The Shin descends by 270 ft over the 7 mi from Little Loch Shin dam to its mouth, and most of the drop occurs in the final mile (1.6 km), where the river tumbles over large rocks, making fishing a challenging sport. The lower Shin is managed as a single beat of 1.5 mi.

A long term scientific study has taken place on the Shin to look at the life cycle of the Atlantic salmon. Smolts have been caught and tagged with a passive integrated transponder, to calculate survival rates as they attempt to exit from Loch Shin through the hydro-electric dams. This showed that less than 10 percent of the smolts survived, a proportion that is not sustainable in the long term. In consultation with the Kyle of Sutherland District Fishery Board and the Scottish Environmental Protection Agency, the proprietors of the river have designated it as a catch and release river, where all fish caught should be released again, in order to improve the health of the salmon population. The Fishery Board maintains a hatchery, but salmon are not released to enhance the fishery, as there is growing evidence that this is not effective and may be harmful. Conservation of the stock and enhancements to their habitat are more effective ways of improving the salmon population.

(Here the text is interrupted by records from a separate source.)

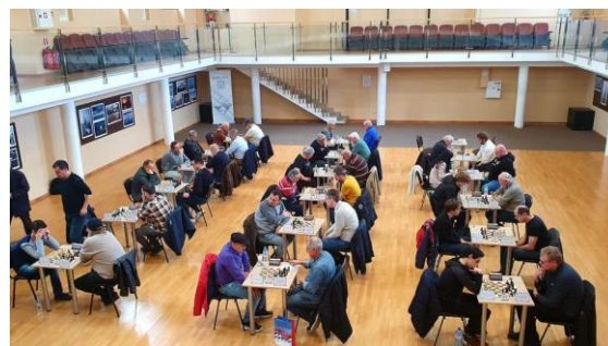
Uitzicht op de partijen

naar Varna, waar ze geweldig ontvangen werden. Na een moeizaam vertrek, omdat vanwege protestacties op vliegveld Eindhoven uitgeweken moest worden naar Maastricht Airport, werd het genieten in Varna. De gemeente Varna had kosten noch moeite bespaard om de schakers een geweldig weekend te bezorgen. Er werd genoten van een overheerlijke lunch, een stadwandeling, heerlijk eten in geweldige restaurants en een biertje aan het strand van Zwarte Zee en dat alles in combinatie met fraai voorjaarsweer.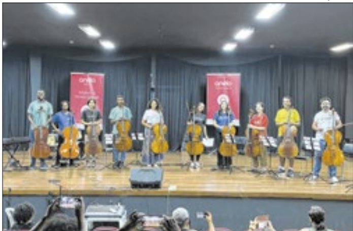
Entidade já beneficiou mais de 15 mil alunos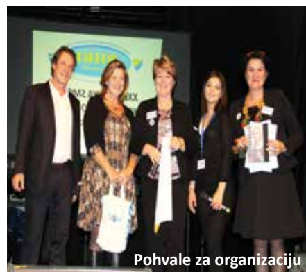
Pohvale za organizaciju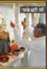
श्रीश्री श्री मं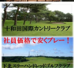
十和田国際カントリークラブ 社員価格で安くプレー！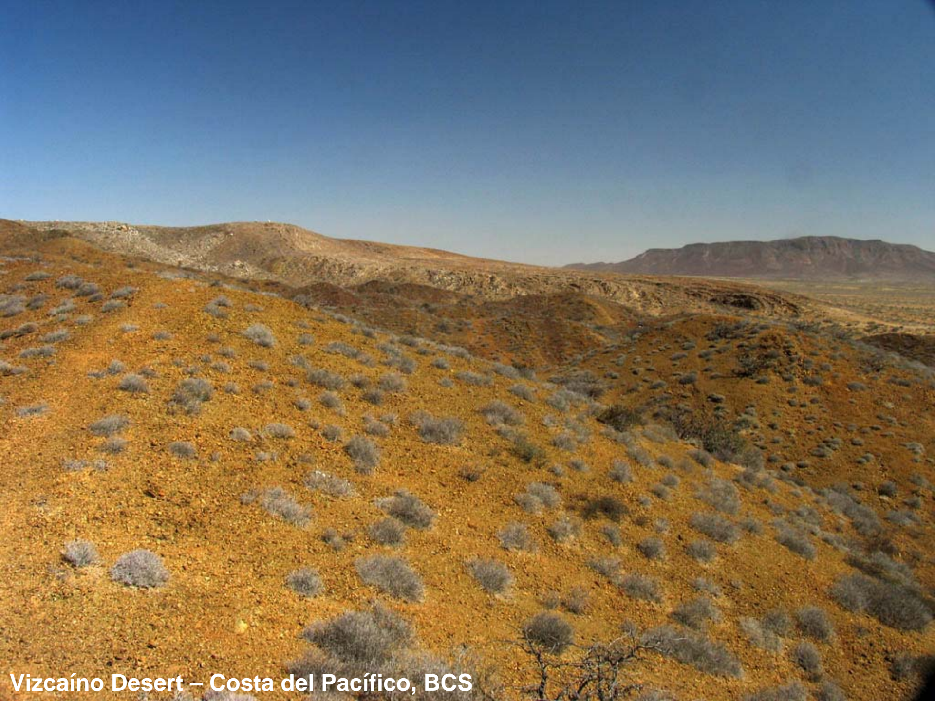
Vizcaíno Desert – Costa del Pacífico, BCS

Work has been carried out on the Shin to improve the habitat for freshwater pearl mussels. These are particularly beneficial to the fish populations, because each adult filters up to 50 L of water per day, keeping it clear for the benefit of other species. Since the construction of the hydro-electric dams, the transport of sediment downstream from the dams has changed, resulting in less habitat for the mussels and for spawning salmon. A project to create new habitat at four sites was carried out in October 2022. This involved constructing eleven large wooden structures and the addition of new gravel to the river bed. Once the work was finished, monitoring of the sites was carried out to understand their effectiveness and to identify maintenance requirements.